The added benefit would be little or no need for JB Weld !!
Addicted
PX221 Malossi, O tuned PX200 and some motorbikes
Joined: 14 Jun 2017
Posts: 958
Location: London UK
Mon Jan 14, 2019 12:57 am quote
Looking like good progress. Shape is not as important as big. There should be no sharp edges or right angles all those parts should be radiused. Round edges create less turbulance.

What port timing you aiming for?
Molto Verboso
05 Stella, '62 VBB, 76 Sprint V
Joined: 16 Jun 2011
Posts: 1797
Location: Chicago. Well, Evanston, but that's almost Chicago
Mon Jan 14, 2019 7:09 am quote
I'm going for a torque-y build, so probably 123-1225 TD, see what that gets me in terms of exhaust duration and blowdown. I'm hoping to get through the metal-shaving-making portion of the show maybe this week

I decided to keep the SI carb and autolube for this build, so I'm going to run a 24/24e with the DRT modifications that just arrived from SIP, along with a Polini venturi on the intake.

I matched the airbox to the carb and flowed the carb opening into the airbox and cases yesterday, too. Still needs to get final sanding, but it's coming along nicely.

This biggest mystery for me at this point is intake timings. I went with the Long Stroke Mazzi Cut Crank, which is timed at 138/6 post TDC, per SIP's product page, but will have to measure actuals. I didn't molest the intake port at all other than to straighten the edges.

As to transfer shape, I'm thinking shallow going forward, if only because I'm tired of breaking through the cases and having to break out the JBWeld.

IMG_20190113_153850-cropped.jpg

Ossessionato
1976 Super (x 2), 1974 Primavera (x 2), 2006 Fly 150
Joined: 26 Sep 2013
Posts: 4284
Location: So Cal
Mon Jan 14, 2019 10:49 am quote
I know what you're saying Ginch ... I'm also wondering if maybe "big" isn't necessarily the most important part of the porting game.

I'm thinking velocity may be equally, or more important ... you want the mix to get sucked in there fast and get swooped around quickly. Opening up a port increases volume, but slows velocity because the area of highest velocity is being spread across a larger area. Think of putting your thumb over a garden hose.

I could be wrong but I think shaping for velocity - if done carefully - might make more usable power than just gouging out giantic ports.
Molto Verboso
05 Stella, '62 VBB, 76 Sprint V
Joined: 16 Jun 2011
Posts: 1797
Location: Chicago.

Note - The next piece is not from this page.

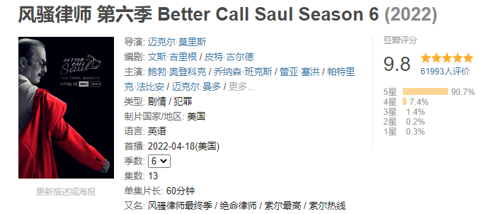 《风骚律师》第六季也是该系列的最终季,是一部犯罪剧情美剧,这部剧的尺度较大,口碑较高,可以说算是天花板之作。说句夸张的话,可能爱看美剧的朋友,没有没看过这部的。而且风骚律师也是绝命毒师的前传。
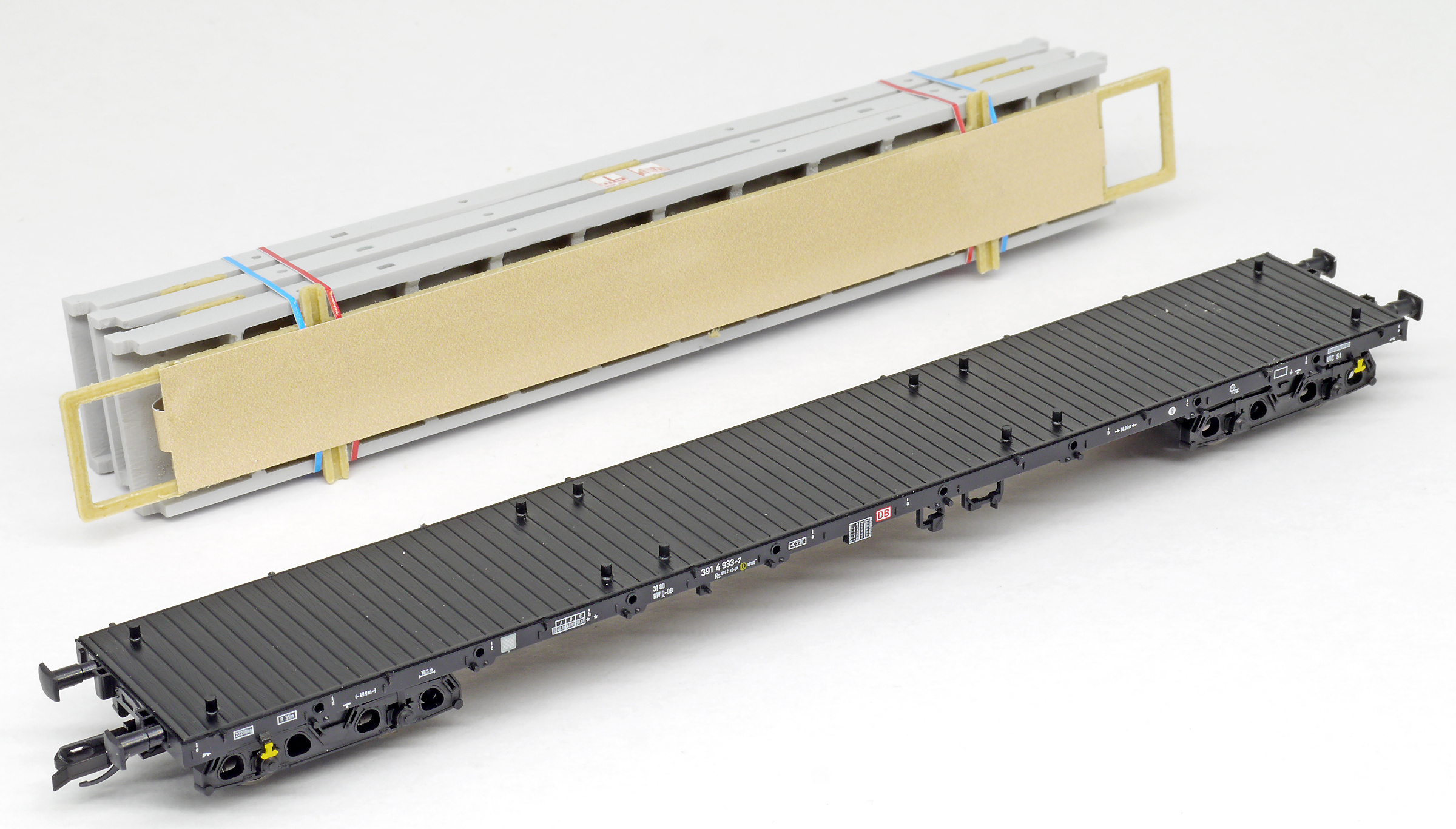 | nákladní plošinový vůz ložený korýtkovými stropními panely |

Well, Evanston, but that's almost Chicago
Mon Jan 14, 2019 11:33 am quote
SoCalGuy wrote:
I could be wrong but I think shaping for velocity - if done carefully - might make more usable power than just gouging out giantic ports.
Heresy!
Veni, Vidi, Posti
74 Super, 75 Super, PX project, LML off-roader and new to 2018, '66 Blue Badge Smallframe
Joined: 30 Nov 2011
Posts: 6557
Location: Victoria, Australia
Mon Jan 14, 2019 6:10 pm quote
SoCalGuy wrote:
I know what you're saying Ginch ... I'm also wondering if maybe "big" isn't necessarily the most important part of the porting game.

I'm thinking velocity may be equally, or more important ... you want the mix to get sucked in there fast and get swooped around quickly. Opening up a port increases volume, but slows velocity because the area of highest velocity is being spread across a larger area. Think of putting your thumb over a garden hose.

I could be wrong but I think shaping for velocity - if done carefully - might make more usable power than just gouging out gigantic ports.
Well this is pretty much exactly what I was told. When I had my old Polini cylinder I found a guy to rebore it. His main gig though was making sleeves for 2 stroke racing dirt bikes. His advice - based on a colleague's flow bench testing - was that you don't want to enlarge the transfers so much that what you said happens. He was talking about regular motorcycle transfers however, and not piddly Vespa ones which are clearly a lot smaller.
My recent projects have reeds so volume is easily addressed so I'm not so concerned about finding volume in the transfers. Plus of course what Chandlerman says about breaking through.